→ **TASK OBJECTIVE**: The lines below, from the one containing "This study encompasses" through the one containing "Vintage Round Inlaid", should be set down exactly, with no pictures and nothing else.

→ **DATASET RECORDS**:
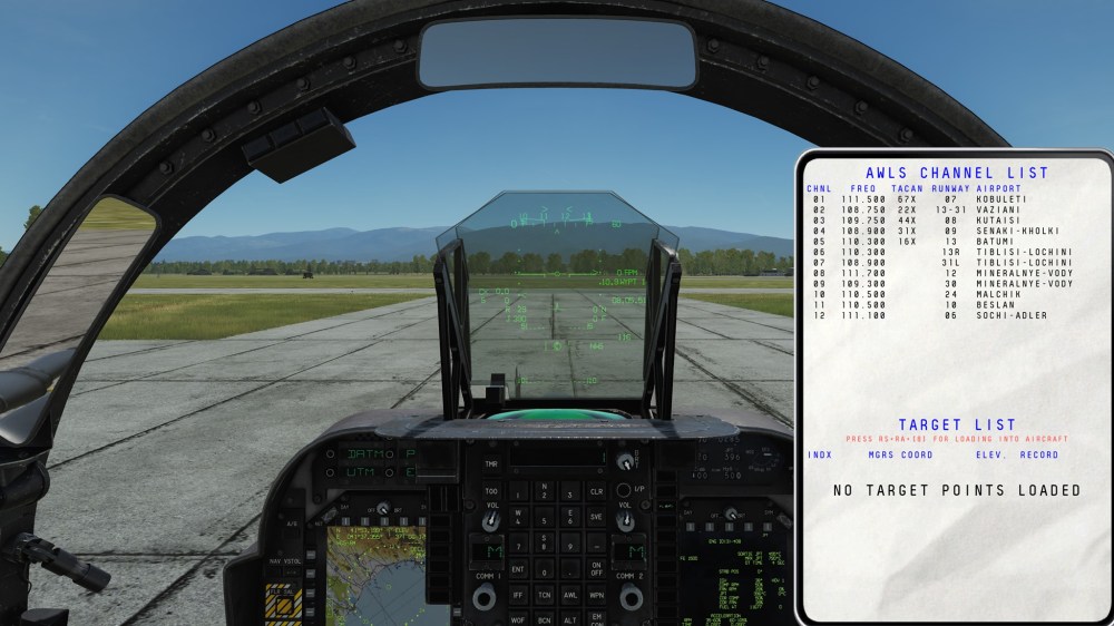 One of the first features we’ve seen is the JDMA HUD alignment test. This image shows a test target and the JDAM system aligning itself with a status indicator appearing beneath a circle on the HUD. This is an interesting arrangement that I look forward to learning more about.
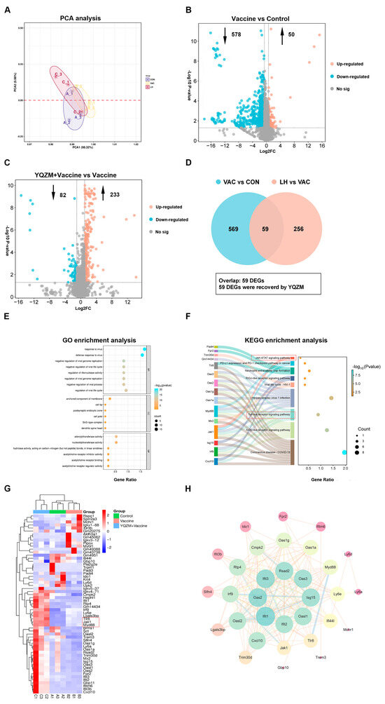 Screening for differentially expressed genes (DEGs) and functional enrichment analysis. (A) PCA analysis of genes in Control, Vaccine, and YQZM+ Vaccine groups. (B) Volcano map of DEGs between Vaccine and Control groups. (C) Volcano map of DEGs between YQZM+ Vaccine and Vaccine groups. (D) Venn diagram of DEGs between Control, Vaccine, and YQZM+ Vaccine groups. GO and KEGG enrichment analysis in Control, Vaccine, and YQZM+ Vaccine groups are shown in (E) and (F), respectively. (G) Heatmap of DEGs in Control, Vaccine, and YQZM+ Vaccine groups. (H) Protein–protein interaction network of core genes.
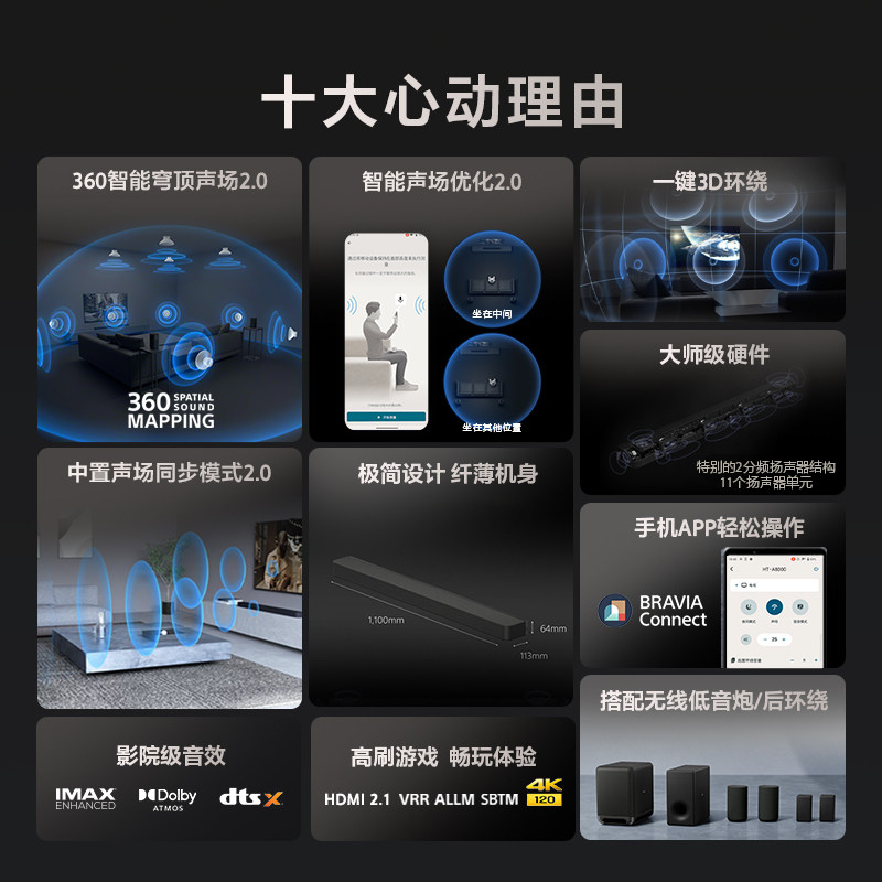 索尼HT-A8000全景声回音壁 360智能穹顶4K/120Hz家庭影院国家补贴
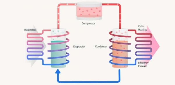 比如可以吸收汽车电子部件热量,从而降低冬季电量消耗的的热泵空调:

==

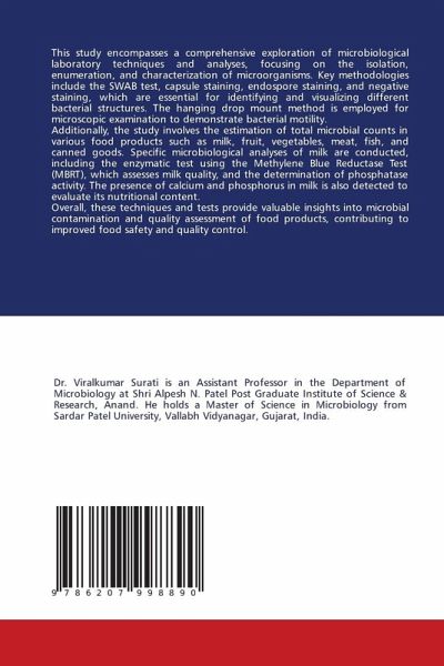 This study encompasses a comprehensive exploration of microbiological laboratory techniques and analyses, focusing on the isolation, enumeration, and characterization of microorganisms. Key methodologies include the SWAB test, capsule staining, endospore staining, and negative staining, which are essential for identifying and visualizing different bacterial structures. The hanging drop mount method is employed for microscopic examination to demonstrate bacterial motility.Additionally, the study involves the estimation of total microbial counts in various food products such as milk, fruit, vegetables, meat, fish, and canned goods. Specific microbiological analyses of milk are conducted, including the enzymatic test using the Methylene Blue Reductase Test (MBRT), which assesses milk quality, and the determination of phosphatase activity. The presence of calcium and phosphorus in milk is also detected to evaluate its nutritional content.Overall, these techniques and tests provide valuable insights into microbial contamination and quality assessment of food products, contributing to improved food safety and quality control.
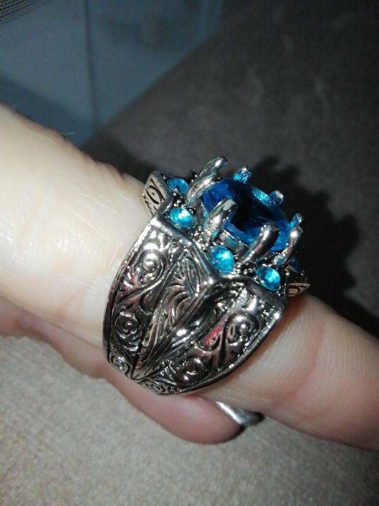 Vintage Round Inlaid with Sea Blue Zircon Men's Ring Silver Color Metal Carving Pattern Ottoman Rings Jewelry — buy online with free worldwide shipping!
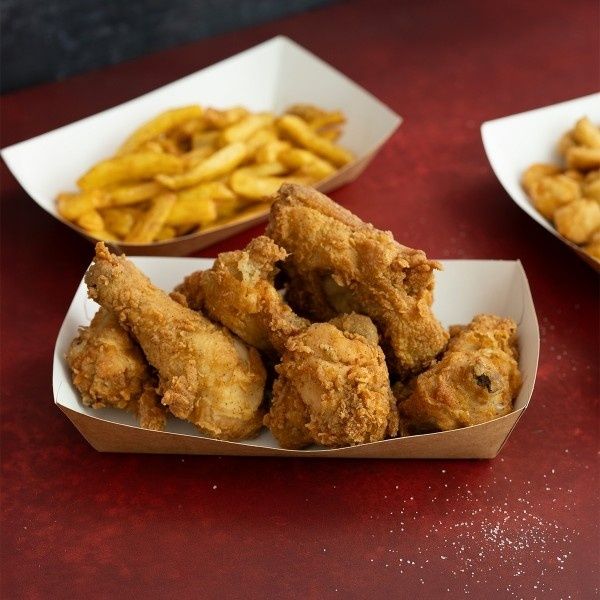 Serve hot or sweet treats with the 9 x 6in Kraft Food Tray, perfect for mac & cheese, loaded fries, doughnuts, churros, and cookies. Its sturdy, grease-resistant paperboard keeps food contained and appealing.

→ **RESPONSE AREA**:
 This study encompasses a comprehensive exploration of microbiological laboratory techniques and analyses, focusing on the isolation, enumeration, and characterization of microorganisms. Key methodologies include the SWAB test, capsule staining, endospore staining, and negative staining, which are essential for identifying and visualizing different bacterial structures. The hanging drop mount method is employed for microscopic examination to demonstrate bacterial motility.Additionally, the study involves the estimation of total microbial counts in various food products such as milk, fruit, vegetables, meat, fish, and canned goods. Specific microbiological analyses of milk are conducted, including the enzymatic test using the Methylene Blue Reductase Test (MBRT), which assesses milk quality, and the determination of phosphatase activity. The presence of calcium and phosphorus in milk is also detected to evaluate its nutritional content.Overall, these techniques and tests provide valuable insights into microbial contamination and quality assessment of food products, contributing to improved food safety and quality control.
 Vintage Round Inlaid with Sea Blue Zircon Men's Ring Silver Color Metal Carving Pattern Ottoman Rings Jewelry — buy online with free worldwide shipping!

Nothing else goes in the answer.